[c#] String to HtmlDocument

I'm fetching the html document by URL using WebClient.DownloadString(url) but then its very hard to find the element content that I'm looking for. Whilst reading around I've spotted HtmlDocument and that it has neat things like GetElementById. How can I populate an HtmlDocument with the html returned by url?

This question is related to c# html

The answer is


For those who don't want to use HTML agility pack and want to get HtmlDocument from string using native .net code only here is a good article on how to convert string to HtmlDocument

Here is the code block to use

public System.Windows.Forms.HtmlDocument GetHtmlDocument(string html)
        {
            WebBrowser browser = new WebBrowser();
            browser.ScriptErrorsSuppressed = true;
            browser.DocumentText = html;
            browser.Document.OpenNew(true);
            browser.Document.Write(html);
            browser.Refresh();
            return browser.Document;
        }

To answer the original question:

HTMLDocument doc = new HTMLDocument();
IHTMLDocument2 doc2 = (IHTMLDocument2)doc;
doc2.write(fileText);
// now use doc

Then to convert back to a string:

doc.documentElement.outerHTML;

you could get a htmldocument by:

 System.Net.WebClient wc = new System.Net.WebClient();

 System.IO.Stream stream = wc.OpenRead(url);
 System.IO.StreamReader reader = new System.IO.StreamReader(stream);
 string s = reader.ReadToEnd();

 HtmlDocument doc = new HtmlDocument();
 doc.LoadHtml(s);

so you have getbiyid and getbyname ... but any further you'd better of with
HTML Agility Pack as suggested . f.e you can do: doc.DocumentNode.SelectNodes(xpathselector) or regex to parse the doc ..

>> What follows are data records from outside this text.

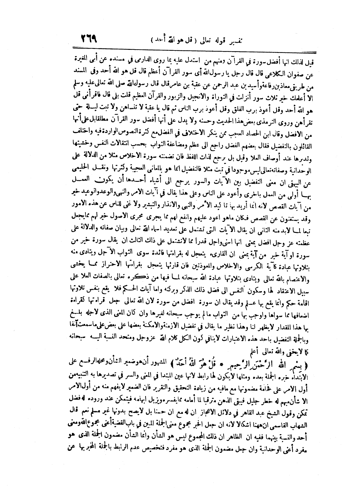 قيل لذلك انها أفضل سورة فى القرآن ومنهم من استدل عليه بما روى الدارمى فى مسنده عن أبى المغيرة عن صفوان الكلاعى قال قال رجل يارسول الله أى سور القرآن أعظم قال قل هو الله أحد وفى المسند من طريقى معاذ بن رفاعة وأسيد بن عبد الرحمن عن عقبة بن عامر قال قال رسول الله صلى الله تعالى عليه وسلم الا أعلمك خير ثلاث سور أنزلت فى التوراة والانجيل والزبور والقرآن العظيم قلت بلى قال فاقرأنى قل هو الله أحد وقل أعوذ برب الفلق وقل أعوذ برب الناس ثم قال ياعقبة لاتنساهن ولاتبت ليلة حتى تقرأهن وروى الترمذى بعض هذا الحديث وحسنه ولايدل على أنها أفضل سور القرآن مطلقا بل على أنها من الافضل وقال ابن الحصاد العجب ممن ينكر الاختلاف فى الفضل مع كثرة النصوص الواردة فيه واختلف القائلون بالتفضيل فقال بعضهم الفضل راجع الى عظم ومضاعفة الثواب بحسب انتقالات النفس وخشيتها وتدبرها عند أوصاف العلا وقيل بل يرجع لذات اللفظ فان تضمنته سورة الاخلاص مثلا من الدلالة على الوحدانية وصفاته تعالى ليس موجودا فى تبت مثلا فالتفضيل انما هو بالمعانى العجيبة وكثرتها ونقل الحليمى عن البيهقى ان معنى التفضيل بين الآيات والسور يرجع الى أشياء أحدها أن يكون العمل بها أولى من العمل باخرى واعود على الناس وعلى هذا يقال فى آيات الامر والنهى والوعد والوعيد خير من آيات القصص لانه انما أريد بها تأكيد الأمر والنهى الانذار والتنشير ولاغنى للناس عن هذه الامور وقد يستغنون عن القصص فكان ماهو اعود عليهم وانفع لهم مما يجرى مجرى الاصول خير لهم مما يجعل تبعا لما لابد منه الثانى ان يقال الآيات التى تشتمل على تعديد اسماء الله تعالى وبيان صفاته والدلالة على عظمته عز و جل افضل بمعنى انها واجل قدرا مما لاتشتمل على ذلك الثالث لن يقال سورة خير من سورة أو آية خير من آية بمعنى ان القارىء يتعجل له بقراءتها فائدة سوى الثواب الآجل وبتادى منه بتلاوتها عبادة كآية الكرسى والاخلاص والمعوذتين فان قارئها يتعجل بقراءتها الاحتراز مما يخشى والاعتصام بالله تعالى ويتادى بتلاوتها عبادة الله سبحانه لما فيها من ذكره تعالى بالصفات العلا على سبيل الاعتقاد لها وسكون النفس الى فضل ذلك الذكر وبركته واما آيات الحكم فلا يقع بنفس تلاوتها اقامة حكم وانما يقع بها علم وقد يقال ان سورة افضل من سورة لان الله تعالى جعل قراءتها كقراءة اضعافها مما سواها واوجب بها من الثواب ما لم يوجب سبحانه لغيرها وان كان المعنى الذى لاجله بلغ بها هذا المقدار لايظهر لنا وهذا نظير مايقال فى تفضيل الازمنة والامكنة بعضها على بعض على ماسمعت آنفا وبالجملة التفضيل باحد هذه الاعتبارات لاينافى كون الكل كلام الله عز و جل ومتحد النسبة اليه سبحانه كما لايخفى والله تعالى أعلم 0 بسم الله الرحمن الرحيم
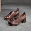 Johnature Retro Women Shoes Med Heels Solid Color Pumps Genuine Leather Round Toe Handmade Lace-up Shoes
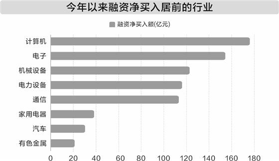 從行業來看,申萬一級行業中,計算機、電子、機械設備、電力設備和通信等行業融資淨買入額在百億元以上,其中計算機和電子兩個強科技屬性的行業買入力度最大,均在150億元以上。
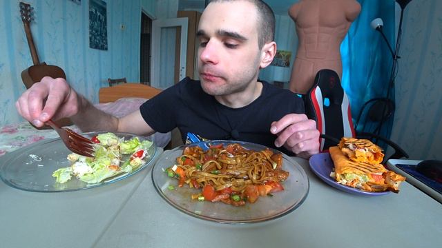 МУКБАНГ КОТЛЕТА ПО КИЕВСКИ / СПАГЕТТИ С СЫРНЫМ СОУСОМ / ВЫПЕЧКА - СЛОЙКА С КАПУСТОЙ / ОБЖОР / EATING Mukbang ASMR АСМР

btw: why not regex ? . its soo cool if you can use it right... but xpath is also very mighty ... so "choose your poison"

cu


You could try with OpenNew and then with Write but that's a bit strange use of that class. More info on MSDN.


I've adapted Nikhil's answer somewhat to simplify it. Admittedly, I have not run it through a .net compiler and there are likely very good reasons for the lines Nikhil put in which I have omitted. However, at least in my use case (a very simple page) they were unnecessary.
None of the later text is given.